## Work task
Give back exactly the lines of the data below, starting with the line that has "2. Szobabelső Josef" and going on through the line that has "Drzwi zewnętrzne IDEAL 7000 | 85 mm".

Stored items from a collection
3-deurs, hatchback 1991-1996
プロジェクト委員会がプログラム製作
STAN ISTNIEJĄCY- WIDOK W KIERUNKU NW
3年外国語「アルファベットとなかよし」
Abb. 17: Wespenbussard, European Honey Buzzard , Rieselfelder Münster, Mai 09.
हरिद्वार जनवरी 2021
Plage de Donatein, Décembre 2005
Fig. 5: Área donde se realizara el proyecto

* * *

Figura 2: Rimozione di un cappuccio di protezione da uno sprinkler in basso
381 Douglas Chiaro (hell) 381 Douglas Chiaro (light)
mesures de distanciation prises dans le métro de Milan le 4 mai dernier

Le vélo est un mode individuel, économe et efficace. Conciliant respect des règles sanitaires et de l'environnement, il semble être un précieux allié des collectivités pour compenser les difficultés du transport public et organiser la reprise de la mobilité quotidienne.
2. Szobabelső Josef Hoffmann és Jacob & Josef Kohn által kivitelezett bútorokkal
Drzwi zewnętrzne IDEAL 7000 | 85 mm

## Exercise solution
2. Szobabelső Josef Hoffmann és Jacob & Josef Kohn által kivitelezett bútorokkal
Drzwi zewnętrzne IDEAL 7000 | 85 mm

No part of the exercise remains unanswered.